If your kids took out a student loan between 1st September 2012 and 31st July 2023 then they will be on Plan 2. If they took out a loan after this, then they will be on Plan 5. Both plans have a current interest rate of 7.6%.
On Plan 2, you start repaying your loan when your income is over £27,295 pa.
On Plan 5, you start repaying your loan when your income is over £25,000 pa.
You will repay 9% of your income over the threshold on both plans. So the repayments are based on your income, not on your loan amount. Therefore, most people will never pay off their loan by themselves.
Therefore, if you earn £30,000 pa and you are on Plan 2, you will repay
9% x (£30,000 – £27,295) = £243.45 pa (£20.29pm)
With Plan 5, you will repay
9% x (£30,000 – £25,000) = £450 pa (£37.50pm)
Plan 2 loans are written off after 30 years.
Plan 5 loans are written off after 40 years.
You will keep making the repayments until the loan is completely paid off, your earnings drop below the threshold, you get past the 30/40 years, or you die. Both plans are written off if you die!
Questions to consider when deciding what to do:
How much are your kids likely to earn when they finish university?
For example, a first year teacher’s salary (according to the National Education Union from April 2024) is £30,000 pa, so above both thresholds; so they are going to be paying back the student loan.
If the above teacher took out a loan for £27,750 to cover 3 years of fees, and we assumed that their salary increases by 3% pa, after 30 years they could have paid £54,757 back and then they will have their loan written off.
So a £27,750 loan has cost them £54,757.
If they started on £40,000, it could cost them £97,575.
If they started on £50,000, it could cost them £140,392.

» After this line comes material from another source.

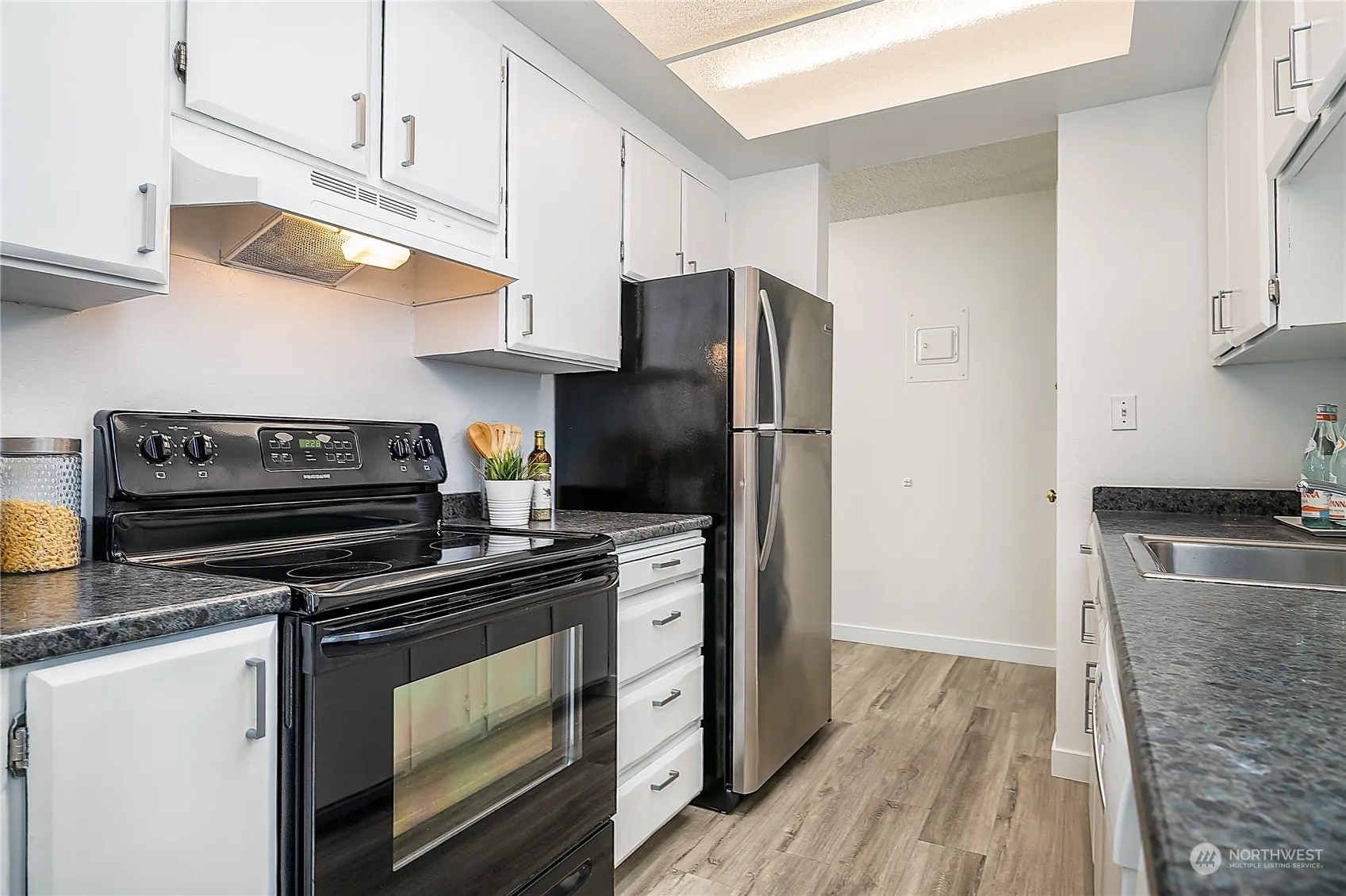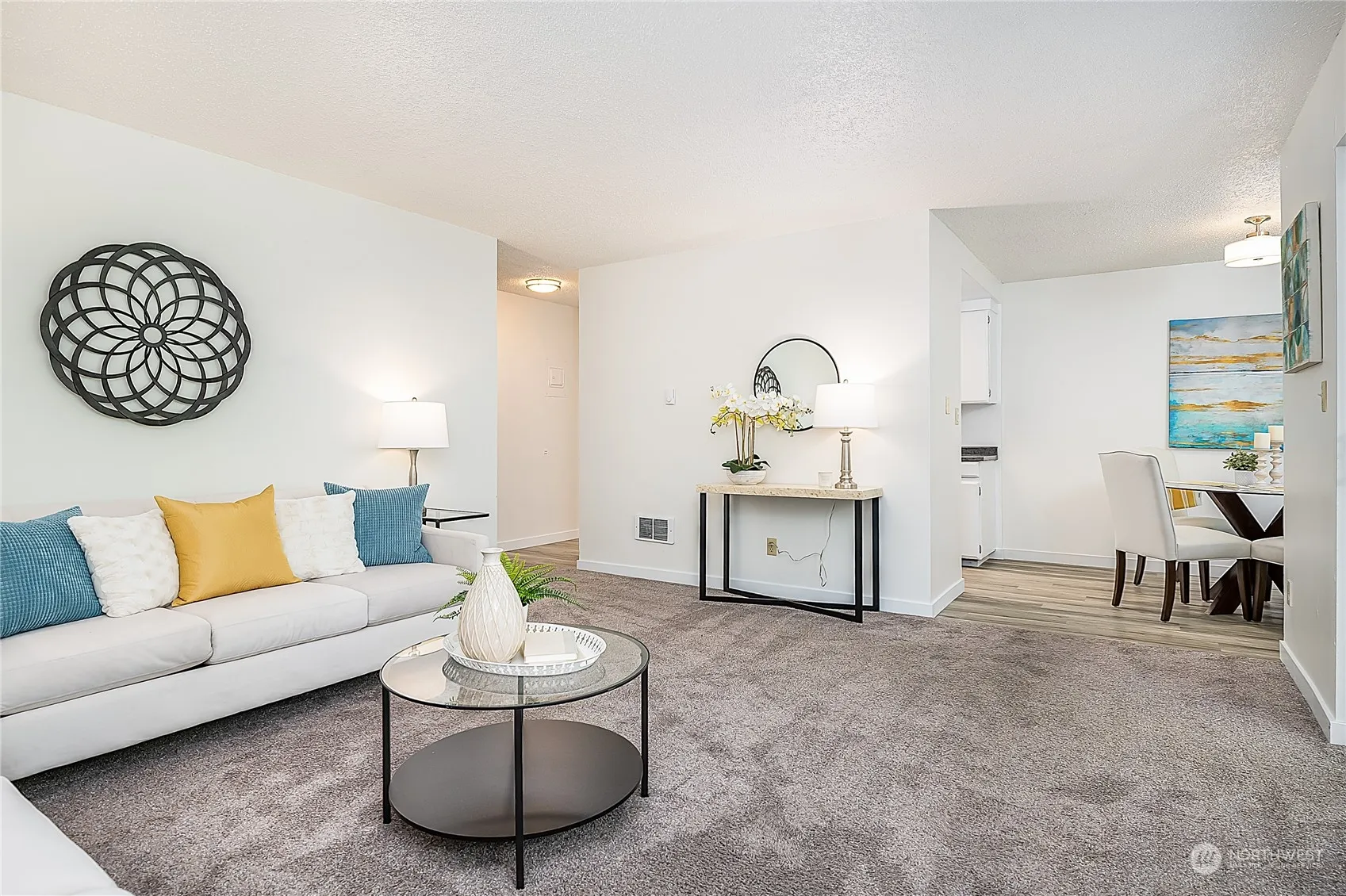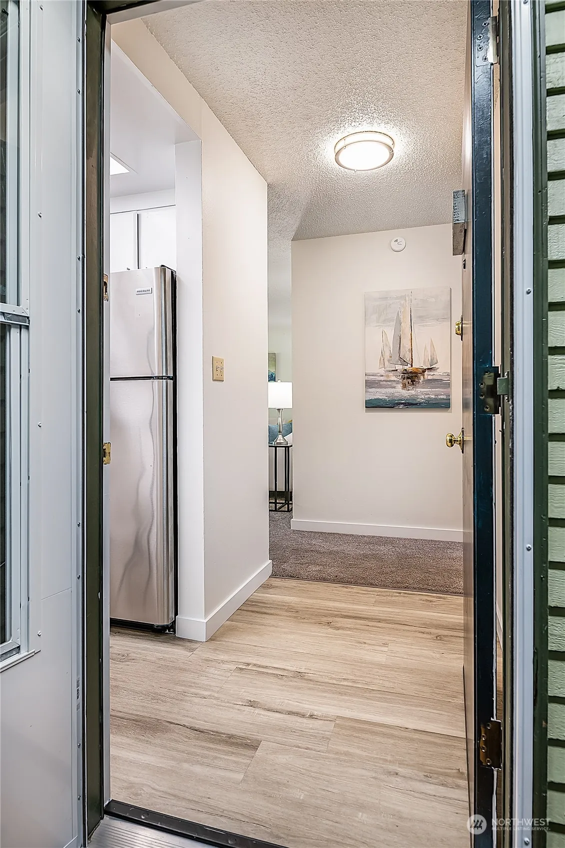 Enjoy the Richmond Beach lifestyle! Located just up the hill from the Saltwater Park and adjacent to Hillwood Park, this two-bedroom condo offers simplicity, comfort, & fun. With only one shared wall, this end unit provides coveted privacy: Unwind in the spacious living room that opens to the patio & garden space with lush greenery. Galley kitchen and dining area provide functionality, while the large primary suite boasts huge double closets. Fresh paint, newer vinyl windows, carpets, and LVP flooring make this home move-in ready. Well maintained HOA provides peace of mind to relax by the pool on lazy summer days. Two separate storage rooms offer space for off-season items. Experience the ease of coastal living. Pre-Inspected. Welcome Home!

However, will they decrease their hours and therefore their pay or take career breaks for any reason, such as having their own children? They would stop paying back the loan in these career breaks or if they earn under the threshold.
Do they want to buy a house?
The student loan affects how much you can borrow for a mortgage. The debt is not taken into account as an amount, but the amount you are paying back is, for affordability. If your student loan repayments are £100pm, then you have £100pm less to pay off a mortgage. If you paid off the loan for them would this help? Or would it be better to help them with a bigger deposit instead?
Inheritance Tax
Are your assets over the Inheritance Tax (IHT) allowance so that when you die, your beneficiaries / your kids will have IHT to pay? If so, then maybe you should pay off their student debt to help reduce your assets and a possible future IHT bill. Or maybe put this money into a pension for them instead?